- [Task brief] Take the listing from its first line through the line that contains "Floral Dress Outfit" and please retype those lines exactly, leaving out the pictures.

- [Recorded information]
______
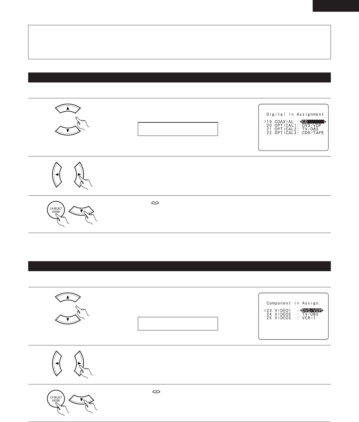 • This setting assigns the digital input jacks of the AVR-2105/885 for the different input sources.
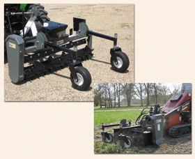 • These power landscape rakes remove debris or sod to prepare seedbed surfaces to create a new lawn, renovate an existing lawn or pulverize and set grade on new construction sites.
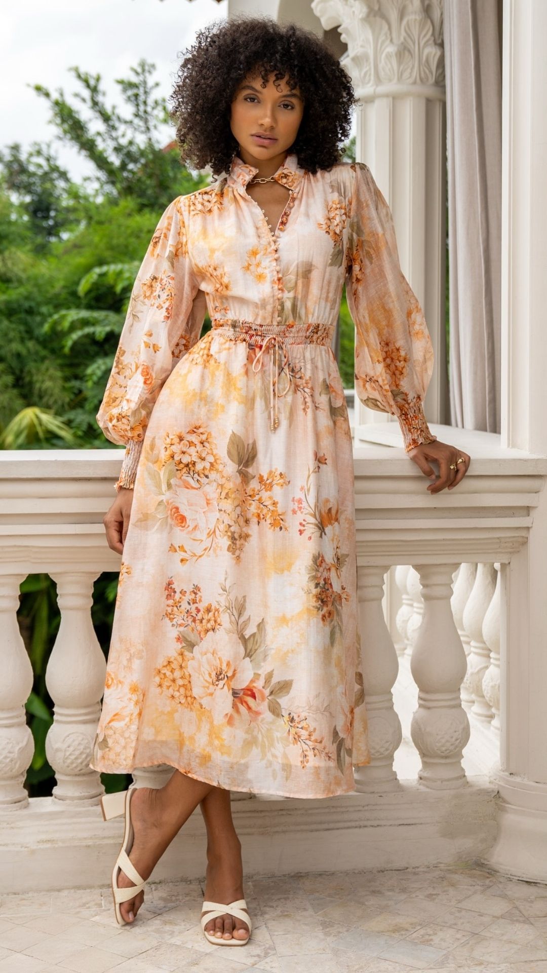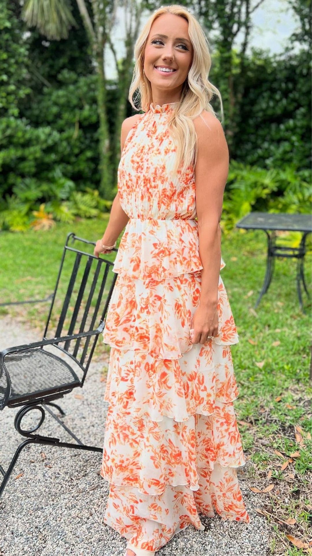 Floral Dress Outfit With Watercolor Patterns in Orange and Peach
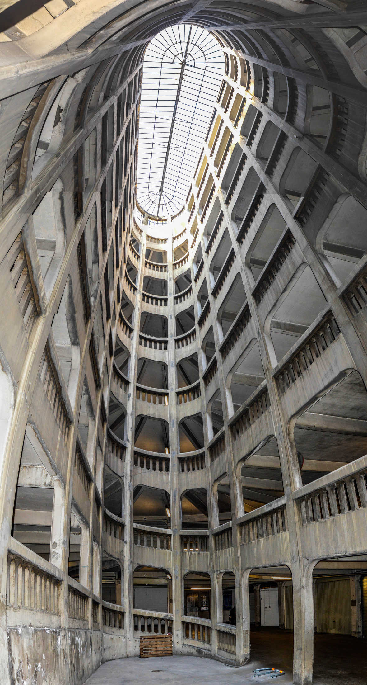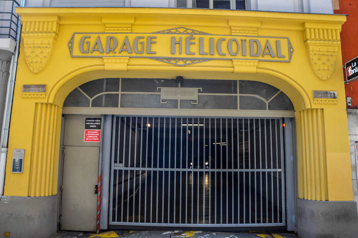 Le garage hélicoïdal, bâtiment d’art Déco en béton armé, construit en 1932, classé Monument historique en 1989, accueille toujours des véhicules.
______
- [Solved problem]
 • This setting assigns the digital input jacks of the AVR-2105/885 for the different input sources.
 • These power landscape rakes remove debris or sod to prepare seedbed surfaces to create a new lawn, renovate an existing lawn or pulverize and set grade on new construction sites.
 Floral Dress Outfit With Watercolor Patterns in Orange and Peach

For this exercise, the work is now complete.